Chromosomal 3q amplicon encodes essential regulators of secretory vesicles that drive secretory addiction in cancer.
In: Journal of Clinical Investigation, Jg. 134 (2024-06-17), Heft 12, S. 1-17
academicJournal
Zugriff:
Cancer cells exhibit heightened secretory states that drive tumor progression. Here, we identified a chromosome 3q amplicon that serves as a platform for secretory regulation in cancer. The 3q amplicon encodes multiple Golgi-resident proteins, including the scaffold Golgi integral membrane protein 4 (GOLIM4) and the ion channel ATPase secretory pathway Ca2+ transporting 1 (ATP2C1). We show that GOLIM4 recruited ATP2C1 and Golgi phosphoprotein 3 (GOLPH3) to coordinate Ca2+-dependent cargo loading, Golgi membrane bending, and vesicle scission. GOLIM4 depletion disrupted the protein complex, resulting in a secretory blockade that inhibited the progression of 3q-amplified malignancies.

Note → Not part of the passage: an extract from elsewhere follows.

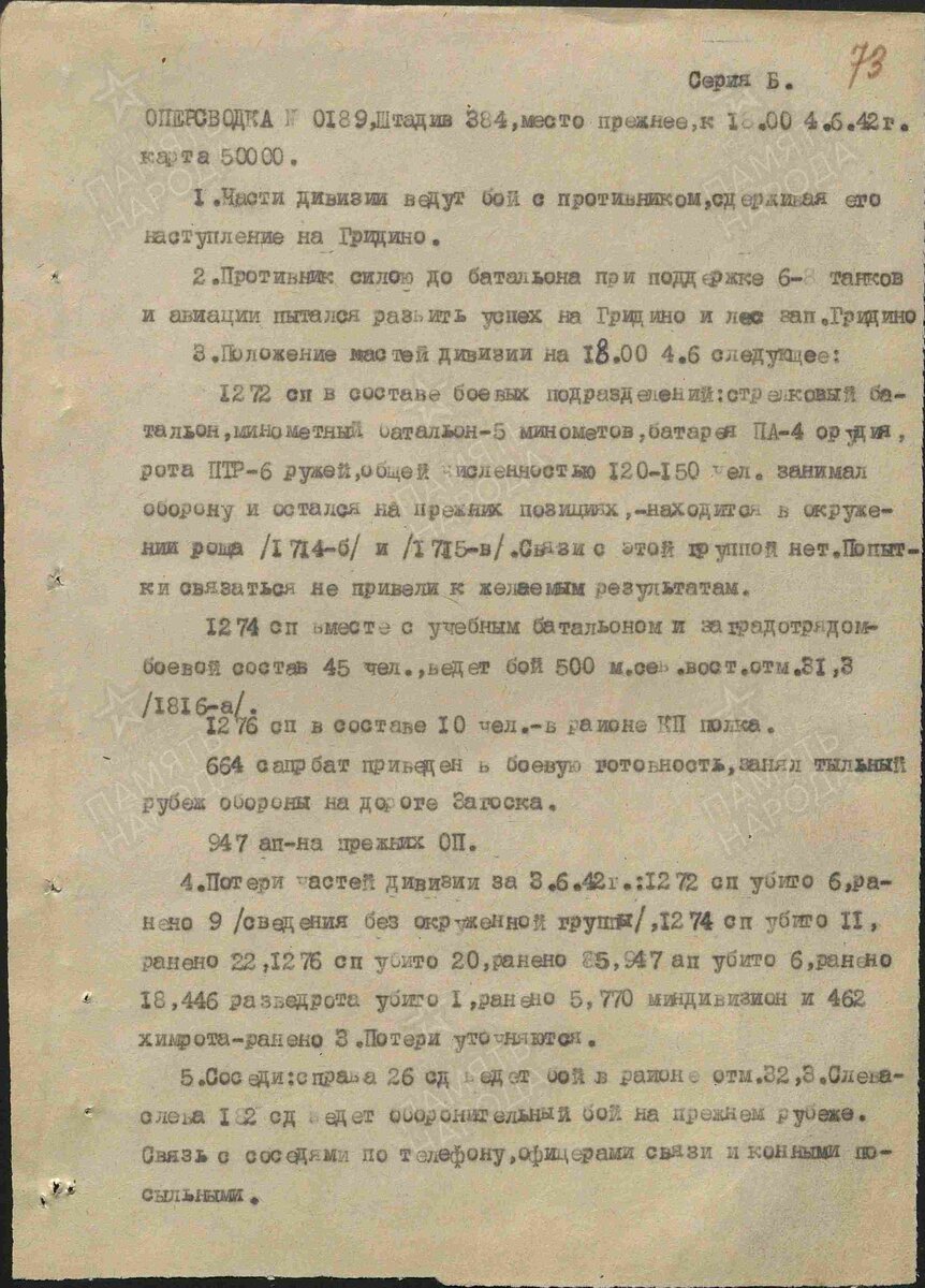 За 4-е июня потери дивизии составили: 1272-м полку — 9 убитых и 15 раненых, 1274-м — 15 убитых и 41 раненый, а по 1276-м полку данных нет. Но ему досталось больше всех. В полках дивизии оставалось: в 1272-м — 120-150 «штыков», в 1274-м — 45, в 1276-м — 10 .

In addition to its role as a scaffold, GOLIM4 maintained intracellular manganese (Mn) homeostasis by binding excess Mn in the Golgi lumen, which initiated the routing of Mn-bound GOLIM4 to lysosomes for degradation. We show that Mn treatment inhibited the progression of multiple types of 3q-amplified malignancies by degrading GOLIM4, resulting in a secretory blockade that interrupted prosurvival autocrine loops and attenuated prometastatic processes in the tumor microenvironment. As it potentially underlies the selective activity of Mn against 3q-amplified malignancies, ATP2C1 coamplification increased Mn influx into the Golgi lumen, resulting in a more rapid degradation of GOLIM4. These findings show that functional cooperativity between coamplified genes underlies heightened secretion and a targetable secretory addiction in 3q-amplified malignancies. [ABSTRACT FROM AUTHOR]
Titel: |
Chromosomal 3q amplicon encodes essential regulators of secretory vesicles that drive secretory addiction in cancer.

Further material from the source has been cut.